Once the line with "Keep your look" is found in the entries below, repeat it and each following line exactly, up to and including the line with "This is a small". Add no other lines.

-- Opening Marker --

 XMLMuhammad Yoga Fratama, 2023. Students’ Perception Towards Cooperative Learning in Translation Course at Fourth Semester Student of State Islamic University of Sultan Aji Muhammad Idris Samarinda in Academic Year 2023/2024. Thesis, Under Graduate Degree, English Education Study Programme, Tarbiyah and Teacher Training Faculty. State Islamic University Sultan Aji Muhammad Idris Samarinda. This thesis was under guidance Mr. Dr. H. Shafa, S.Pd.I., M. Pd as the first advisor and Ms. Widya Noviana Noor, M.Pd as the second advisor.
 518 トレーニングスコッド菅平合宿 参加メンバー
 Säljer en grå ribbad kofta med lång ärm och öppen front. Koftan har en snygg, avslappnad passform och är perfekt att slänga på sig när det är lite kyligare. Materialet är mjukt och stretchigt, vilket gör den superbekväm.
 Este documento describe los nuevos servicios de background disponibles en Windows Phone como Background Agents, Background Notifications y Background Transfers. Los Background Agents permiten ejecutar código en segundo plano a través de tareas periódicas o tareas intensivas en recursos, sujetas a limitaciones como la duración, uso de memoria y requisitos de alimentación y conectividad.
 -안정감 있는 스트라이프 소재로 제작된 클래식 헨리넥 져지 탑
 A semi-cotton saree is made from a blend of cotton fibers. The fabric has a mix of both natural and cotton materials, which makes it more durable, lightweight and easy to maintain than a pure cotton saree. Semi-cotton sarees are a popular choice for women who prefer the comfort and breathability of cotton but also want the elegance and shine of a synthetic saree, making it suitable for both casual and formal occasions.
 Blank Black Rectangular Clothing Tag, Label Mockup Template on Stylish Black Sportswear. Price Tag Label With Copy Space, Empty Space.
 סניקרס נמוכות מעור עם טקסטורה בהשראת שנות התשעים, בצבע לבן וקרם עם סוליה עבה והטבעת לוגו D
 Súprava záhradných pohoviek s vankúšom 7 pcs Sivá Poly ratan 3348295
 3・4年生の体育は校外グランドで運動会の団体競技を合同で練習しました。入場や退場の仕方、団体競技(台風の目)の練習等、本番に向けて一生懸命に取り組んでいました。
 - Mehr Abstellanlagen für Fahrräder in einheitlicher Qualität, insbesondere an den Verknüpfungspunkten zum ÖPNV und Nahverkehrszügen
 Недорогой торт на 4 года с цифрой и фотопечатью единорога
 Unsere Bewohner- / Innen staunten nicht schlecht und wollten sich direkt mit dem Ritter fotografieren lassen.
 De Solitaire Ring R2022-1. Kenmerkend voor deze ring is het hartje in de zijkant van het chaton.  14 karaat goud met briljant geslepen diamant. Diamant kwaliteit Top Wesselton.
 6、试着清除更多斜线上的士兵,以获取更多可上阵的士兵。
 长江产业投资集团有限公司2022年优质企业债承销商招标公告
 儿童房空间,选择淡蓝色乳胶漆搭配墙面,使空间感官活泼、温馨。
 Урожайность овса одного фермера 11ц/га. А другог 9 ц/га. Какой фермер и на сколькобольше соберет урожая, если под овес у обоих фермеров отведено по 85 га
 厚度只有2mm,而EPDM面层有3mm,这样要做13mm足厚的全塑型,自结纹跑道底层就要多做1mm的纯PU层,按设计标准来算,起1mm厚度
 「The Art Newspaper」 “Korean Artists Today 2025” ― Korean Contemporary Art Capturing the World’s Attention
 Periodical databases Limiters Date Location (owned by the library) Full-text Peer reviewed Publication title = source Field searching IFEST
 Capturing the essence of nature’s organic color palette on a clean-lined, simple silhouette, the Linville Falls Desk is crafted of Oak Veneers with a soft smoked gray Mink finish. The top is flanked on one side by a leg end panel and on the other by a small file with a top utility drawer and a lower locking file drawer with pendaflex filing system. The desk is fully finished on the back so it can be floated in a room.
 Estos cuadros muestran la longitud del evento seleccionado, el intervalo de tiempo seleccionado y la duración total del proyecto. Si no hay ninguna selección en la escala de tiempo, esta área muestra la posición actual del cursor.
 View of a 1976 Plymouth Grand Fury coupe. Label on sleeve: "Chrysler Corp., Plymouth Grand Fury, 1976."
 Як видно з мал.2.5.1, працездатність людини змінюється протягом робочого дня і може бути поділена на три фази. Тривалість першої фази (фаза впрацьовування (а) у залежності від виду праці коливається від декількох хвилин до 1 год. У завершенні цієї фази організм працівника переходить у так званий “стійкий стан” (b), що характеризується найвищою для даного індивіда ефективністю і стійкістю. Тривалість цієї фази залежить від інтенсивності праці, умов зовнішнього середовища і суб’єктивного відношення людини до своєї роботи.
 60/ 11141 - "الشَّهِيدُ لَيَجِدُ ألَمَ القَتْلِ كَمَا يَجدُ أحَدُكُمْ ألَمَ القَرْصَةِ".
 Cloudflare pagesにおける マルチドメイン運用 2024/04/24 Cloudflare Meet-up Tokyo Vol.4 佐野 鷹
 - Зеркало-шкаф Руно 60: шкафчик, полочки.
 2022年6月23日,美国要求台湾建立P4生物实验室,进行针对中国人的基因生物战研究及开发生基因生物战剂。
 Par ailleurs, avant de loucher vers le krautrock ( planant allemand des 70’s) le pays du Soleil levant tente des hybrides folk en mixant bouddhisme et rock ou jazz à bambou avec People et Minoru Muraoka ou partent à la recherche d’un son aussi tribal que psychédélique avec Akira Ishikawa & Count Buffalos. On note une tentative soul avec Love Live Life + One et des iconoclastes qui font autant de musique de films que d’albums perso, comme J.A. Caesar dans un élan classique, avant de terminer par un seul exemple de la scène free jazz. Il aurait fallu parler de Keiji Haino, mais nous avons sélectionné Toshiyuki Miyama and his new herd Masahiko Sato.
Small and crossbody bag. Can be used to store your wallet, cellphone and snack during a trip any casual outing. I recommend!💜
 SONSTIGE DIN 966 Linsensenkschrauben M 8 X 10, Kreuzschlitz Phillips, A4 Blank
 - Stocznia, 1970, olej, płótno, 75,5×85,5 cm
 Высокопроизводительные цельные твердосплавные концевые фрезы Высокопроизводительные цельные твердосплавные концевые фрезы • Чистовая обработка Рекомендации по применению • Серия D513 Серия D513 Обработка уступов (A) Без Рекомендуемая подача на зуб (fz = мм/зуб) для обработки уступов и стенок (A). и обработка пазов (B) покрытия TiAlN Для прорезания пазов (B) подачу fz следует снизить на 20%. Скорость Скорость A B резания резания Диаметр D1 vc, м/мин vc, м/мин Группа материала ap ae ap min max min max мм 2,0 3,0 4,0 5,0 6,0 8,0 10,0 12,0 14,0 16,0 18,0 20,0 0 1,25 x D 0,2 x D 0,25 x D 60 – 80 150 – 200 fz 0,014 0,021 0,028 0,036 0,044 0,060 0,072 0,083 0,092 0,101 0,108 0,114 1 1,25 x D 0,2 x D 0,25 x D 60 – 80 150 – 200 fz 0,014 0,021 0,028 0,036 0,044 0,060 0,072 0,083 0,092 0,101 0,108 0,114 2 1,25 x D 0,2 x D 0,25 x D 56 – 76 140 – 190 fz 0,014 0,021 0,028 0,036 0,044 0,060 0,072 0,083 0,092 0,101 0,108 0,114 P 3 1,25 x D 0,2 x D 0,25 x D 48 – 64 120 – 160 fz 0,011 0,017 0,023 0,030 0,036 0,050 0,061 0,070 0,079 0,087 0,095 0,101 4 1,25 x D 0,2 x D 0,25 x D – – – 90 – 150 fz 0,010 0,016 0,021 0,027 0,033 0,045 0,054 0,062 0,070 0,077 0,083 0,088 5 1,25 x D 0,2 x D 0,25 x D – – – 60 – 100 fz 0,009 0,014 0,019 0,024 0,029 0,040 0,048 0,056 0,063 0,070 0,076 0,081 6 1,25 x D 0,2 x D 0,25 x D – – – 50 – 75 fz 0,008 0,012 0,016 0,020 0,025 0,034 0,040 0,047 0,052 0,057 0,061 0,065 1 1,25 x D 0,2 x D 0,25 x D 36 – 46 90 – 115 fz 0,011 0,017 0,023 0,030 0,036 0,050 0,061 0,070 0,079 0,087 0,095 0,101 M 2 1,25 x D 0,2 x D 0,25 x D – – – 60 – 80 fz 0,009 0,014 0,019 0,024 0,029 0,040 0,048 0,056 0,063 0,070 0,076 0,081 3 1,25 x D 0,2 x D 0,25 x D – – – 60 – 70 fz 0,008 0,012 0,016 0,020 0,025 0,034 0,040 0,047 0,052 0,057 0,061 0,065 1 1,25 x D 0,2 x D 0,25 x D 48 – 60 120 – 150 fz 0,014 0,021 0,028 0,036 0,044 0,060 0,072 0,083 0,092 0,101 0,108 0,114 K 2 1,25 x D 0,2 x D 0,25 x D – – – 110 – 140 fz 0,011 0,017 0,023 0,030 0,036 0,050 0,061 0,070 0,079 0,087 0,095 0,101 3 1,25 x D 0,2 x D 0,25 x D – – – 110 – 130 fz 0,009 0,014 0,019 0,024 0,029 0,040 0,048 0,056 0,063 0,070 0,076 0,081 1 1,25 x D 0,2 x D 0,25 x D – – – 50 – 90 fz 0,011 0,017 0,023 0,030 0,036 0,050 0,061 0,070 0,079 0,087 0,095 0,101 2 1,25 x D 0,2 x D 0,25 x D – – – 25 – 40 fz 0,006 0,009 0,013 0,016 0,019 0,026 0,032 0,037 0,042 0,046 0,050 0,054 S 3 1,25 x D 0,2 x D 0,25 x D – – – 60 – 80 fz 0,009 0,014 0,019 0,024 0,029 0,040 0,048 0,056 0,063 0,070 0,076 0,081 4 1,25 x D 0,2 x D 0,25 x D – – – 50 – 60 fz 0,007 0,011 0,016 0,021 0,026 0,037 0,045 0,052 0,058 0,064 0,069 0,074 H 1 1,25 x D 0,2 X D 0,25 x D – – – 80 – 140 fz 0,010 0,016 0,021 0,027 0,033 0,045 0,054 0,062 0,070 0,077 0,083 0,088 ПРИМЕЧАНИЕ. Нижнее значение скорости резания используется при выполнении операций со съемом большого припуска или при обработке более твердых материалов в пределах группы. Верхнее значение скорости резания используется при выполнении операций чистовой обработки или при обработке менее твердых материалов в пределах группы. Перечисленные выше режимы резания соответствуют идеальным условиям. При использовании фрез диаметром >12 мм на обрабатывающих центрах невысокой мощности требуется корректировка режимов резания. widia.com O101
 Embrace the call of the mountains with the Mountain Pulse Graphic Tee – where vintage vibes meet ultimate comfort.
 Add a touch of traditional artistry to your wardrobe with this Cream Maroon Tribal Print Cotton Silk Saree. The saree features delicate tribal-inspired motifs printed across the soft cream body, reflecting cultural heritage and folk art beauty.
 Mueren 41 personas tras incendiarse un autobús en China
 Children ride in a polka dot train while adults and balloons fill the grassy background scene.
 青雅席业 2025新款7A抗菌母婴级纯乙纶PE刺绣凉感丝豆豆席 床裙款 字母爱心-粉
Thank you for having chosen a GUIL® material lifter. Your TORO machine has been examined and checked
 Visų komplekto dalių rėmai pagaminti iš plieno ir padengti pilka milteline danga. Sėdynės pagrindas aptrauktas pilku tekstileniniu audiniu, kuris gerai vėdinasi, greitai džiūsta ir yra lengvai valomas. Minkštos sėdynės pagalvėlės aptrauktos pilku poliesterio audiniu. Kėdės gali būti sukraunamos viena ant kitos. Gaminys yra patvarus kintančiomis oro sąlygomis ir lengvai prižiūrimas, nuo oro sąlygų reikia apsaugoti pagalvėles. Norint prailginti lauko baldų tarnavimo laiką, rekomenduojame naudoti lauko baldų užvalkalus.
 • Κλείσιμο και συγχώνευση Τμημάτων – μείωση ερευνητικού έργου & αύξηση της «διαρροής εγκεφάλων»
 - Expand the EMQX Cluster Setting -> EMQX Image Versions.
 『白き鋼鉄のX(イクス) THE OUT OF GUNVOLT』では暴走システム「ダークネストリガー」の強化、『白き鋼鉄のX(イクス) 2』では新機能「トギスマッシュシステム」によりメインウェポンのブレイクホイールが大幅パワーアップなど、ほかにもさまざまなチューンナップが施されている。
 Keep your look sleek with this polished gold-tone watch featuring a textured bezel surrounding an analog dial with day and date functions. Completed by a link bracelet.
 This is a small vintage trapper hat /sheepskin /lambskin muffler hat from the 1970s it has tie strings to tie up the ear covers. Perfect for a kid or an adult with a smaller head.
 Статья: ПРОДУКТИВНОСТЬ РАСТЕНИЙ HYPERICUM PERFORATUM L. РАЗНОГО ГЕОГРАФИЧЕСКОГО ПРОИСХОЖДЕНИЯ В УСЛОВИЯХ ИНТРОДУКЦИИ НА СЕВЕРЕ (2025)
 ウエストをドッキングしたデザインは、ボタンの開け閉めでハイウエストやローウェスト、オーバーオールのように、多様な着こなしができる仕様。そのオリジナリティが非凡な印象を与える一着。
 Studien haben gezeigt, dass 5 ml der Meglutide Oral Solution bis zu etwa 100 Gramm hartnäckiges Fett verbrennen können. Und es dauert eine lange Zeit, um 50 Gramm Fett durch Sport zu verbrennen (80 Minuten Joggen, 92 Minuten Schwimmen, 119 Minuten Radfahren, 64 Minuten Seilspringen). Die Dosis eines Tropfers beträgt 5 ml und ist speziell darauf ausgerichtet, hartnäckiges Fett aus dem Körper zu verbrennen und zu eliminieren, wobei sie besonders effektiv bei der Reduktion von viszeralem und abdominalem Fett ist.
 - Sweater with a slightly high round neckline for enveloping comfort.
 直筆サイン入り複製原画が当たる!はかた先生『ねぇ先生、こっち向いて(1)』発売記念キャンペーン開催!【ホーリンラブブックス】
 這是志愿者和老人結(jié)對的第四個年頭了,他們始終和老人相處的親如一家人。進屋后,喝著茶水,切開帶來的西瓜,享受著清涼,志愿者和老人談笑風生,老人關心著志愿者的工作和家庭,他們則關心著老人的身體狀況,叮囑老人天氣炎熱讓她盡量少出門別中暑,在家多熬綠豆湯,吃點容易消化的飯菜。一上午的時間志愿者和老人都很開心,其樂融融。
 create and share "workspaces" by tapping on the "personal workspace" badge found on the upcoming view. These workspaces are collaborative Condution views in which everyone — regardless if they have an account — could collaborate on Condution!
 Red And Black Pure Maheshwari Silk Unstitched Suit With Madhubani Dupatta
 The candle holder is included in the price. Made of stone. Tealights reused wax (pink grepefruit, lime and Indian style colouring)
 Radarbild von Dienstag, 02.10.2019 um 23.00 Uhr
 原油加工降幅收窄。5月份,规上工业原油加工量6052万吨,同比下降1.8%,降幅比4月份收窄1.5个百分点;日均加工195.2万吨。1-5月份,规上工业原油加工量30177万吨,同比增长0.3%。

-- Closing Marker --

◆ **EXERCISE RESULT**
 Keep your look sleek with this polished gold-tone watch featuring a textured bezel surrounding an analog dial with day and date functions. Completed by a link bracelet.
 This is a small vintage trapper hat /sheepskin /lambskin muffler hat from the 1970s it has tie strings to tie up the ear covers. Perfect for a kid or an adult with a smaller head.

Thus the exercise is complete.